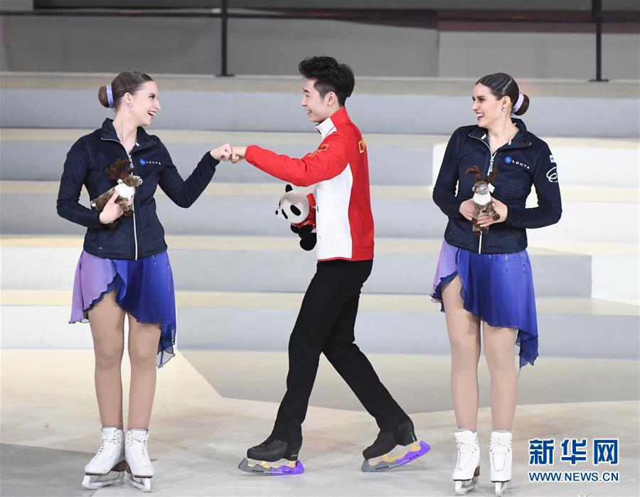 1月15日,中國(guó)花樣滑冰選手金博洋(中)與芬蘭運(yùn)動(dòng)員交流。 當(dāng)日,“2019中芬冬季運(yùn)動(dòng)年”開幕式在北京首鋼冰球館舉行。 新華社記者申宏攝
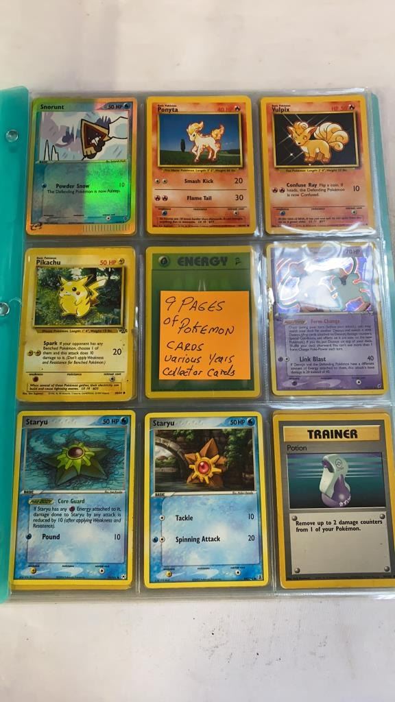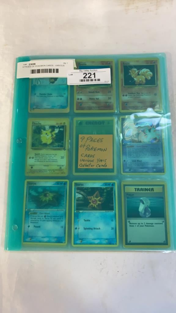9 PAGES OF POKEMON CARDS - VARIOUS YEARS
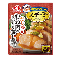 「スチーミー®」初の”鶏むね肉”用品種です。独自の配合と圧力スチームパウチにより、レンジ調理でも鶏むね肉がしっとりおいしく仕上がります。ソースは鰹と昆布のだしを合わせた和風の味付けで、夕食の主菜にピッタリです。
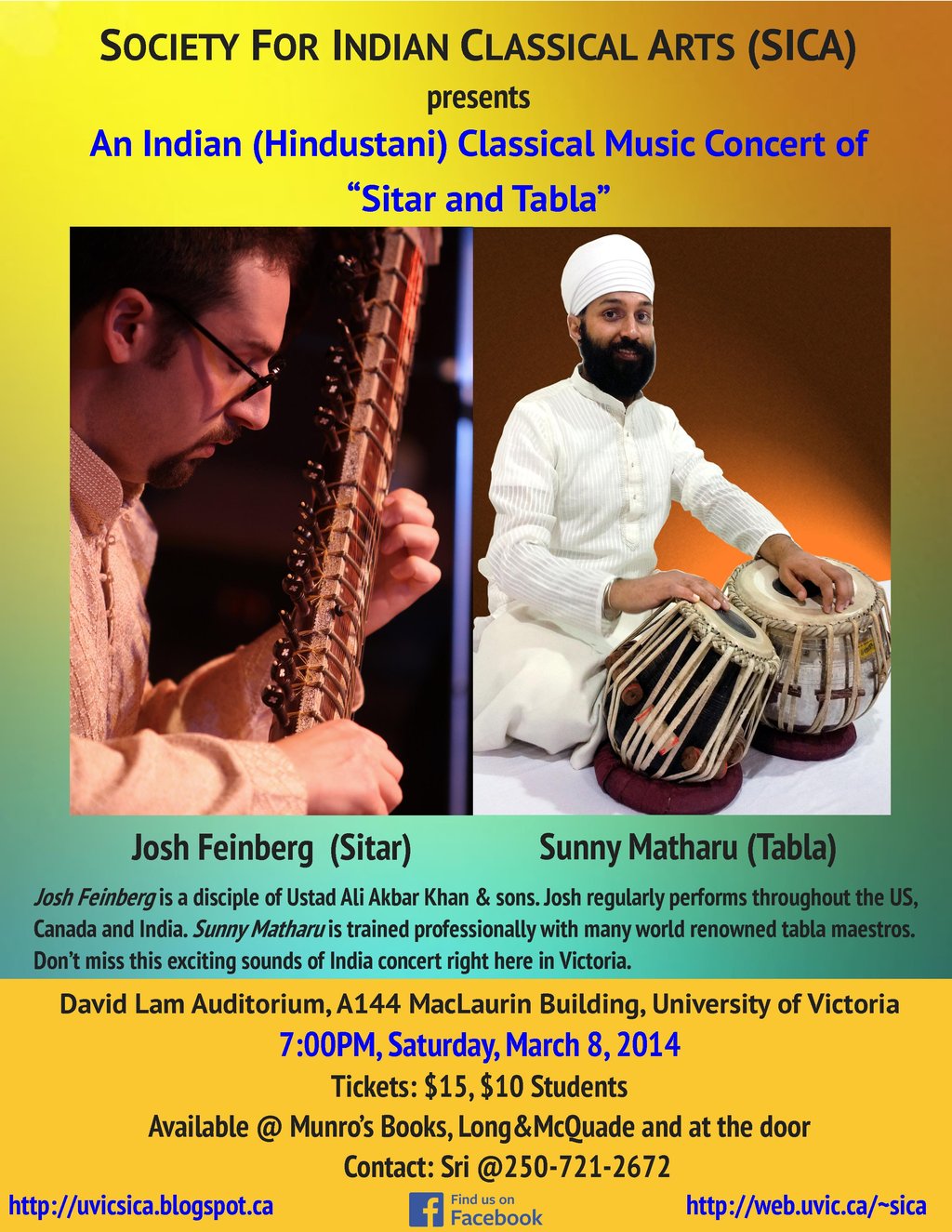 Society for Indian Classical Arts (SICA), a student club at University of Victoria is presenting an Indian (Hindustani) Classical Music concert of Sitar and Tabla on Saturday, March 8, 2014. Sitar is a plucked string instrument used mainly in Indian Classical music and Tabla is a pair of hand drums. Josh Feinberg is a disciple of Ustad Ali Akbar Khan and and sons will play Sitar in this concert with tabla accompaniment by Sunny Matharu. Don't miss this opportunity to see these wonderful artists perform here in Victoria.
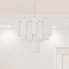 The Amalia Murano Frosted Glass Tubes Chandelier by SMITH&SMITH brings elegance with misty white glass panels in a multi-tiered look. The frosted look gives a calm feel as it diffuses lights. This luxurious piece can blend well into minimalist or contemporary spaces.
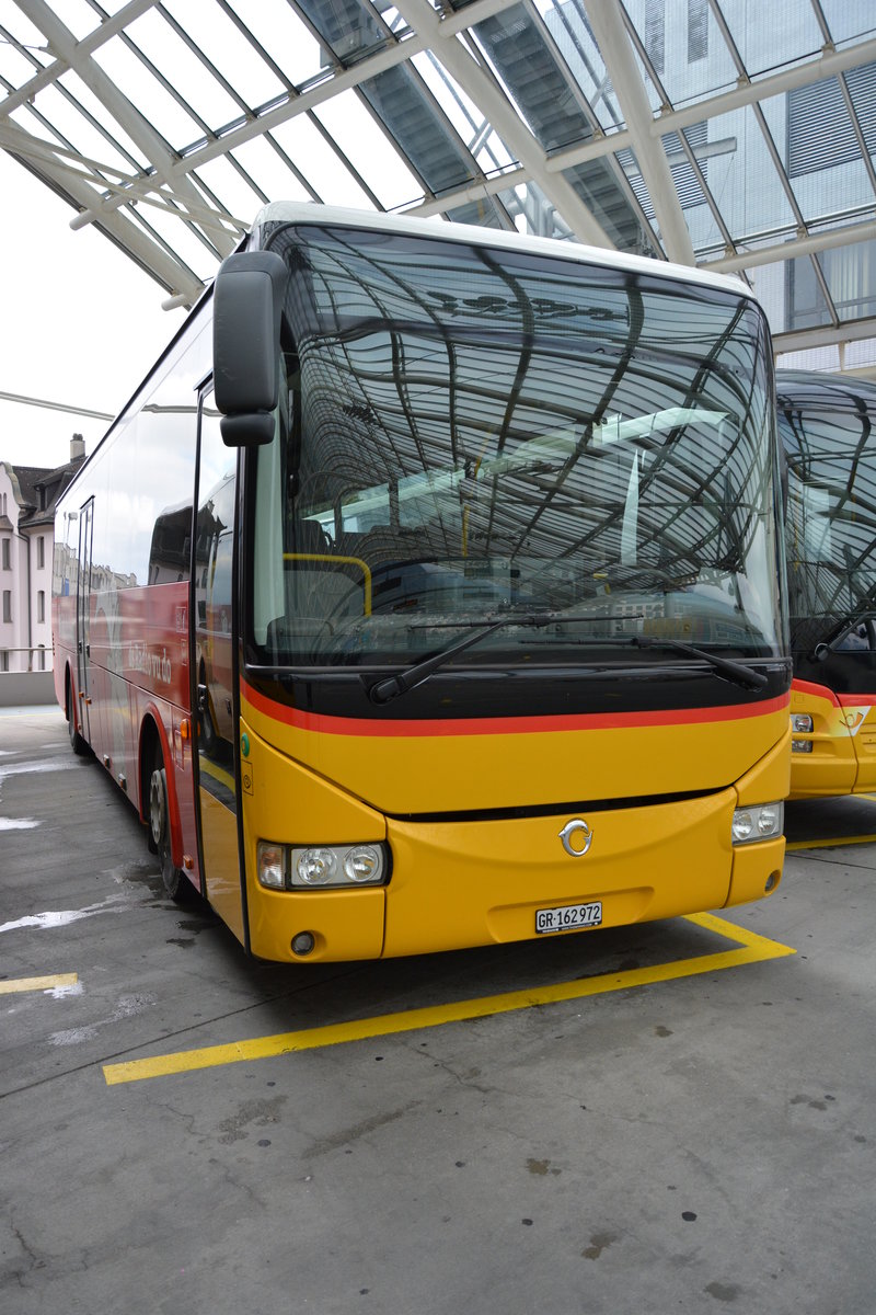 Postauto - Irisbus Crossway GR 162972 in der Postautohalle über dem Bahnhof Chur am 26.03.2016

*****

Using the listing above, repeat word for word each line from the one with "9 PAGES OF POKEMON CARDS - VARIOUS YEARS" down to the one with "Society for Indian", both included. Omit all pictures.

9 PAGES OF POKEMON CARDS - VARIOUS YEARS
 「スチーミー®」初の”鶏むね肉”用品種です。独自の配合と圧力スチームパウチにより、レンジ調理でも鶏むね肉がしっとりおいしく仕上がります。ソースは鰹と昆布のだしを合わせた和風の味付けで、夕食の主菜にピッタリです。
 Society for Indian Classical Arts (SICA), a student club at University of Victoria is presenting an Indian (Hindustani) Classical Music concert of Sitar and Tabla on Saturday, March 8, 2014. Sitar is a plucked string instrument used mainly in Indian Classical music and Tabla is a pair of hand drums. Josh Feinberg is a disciple of Ustad Ali Akbar Khan and and sons will play Sitar in this concert with tabla accompaniment by Sunny Matharu. Don't miss this opportunity to see these wonderful artists perform here in Victoria.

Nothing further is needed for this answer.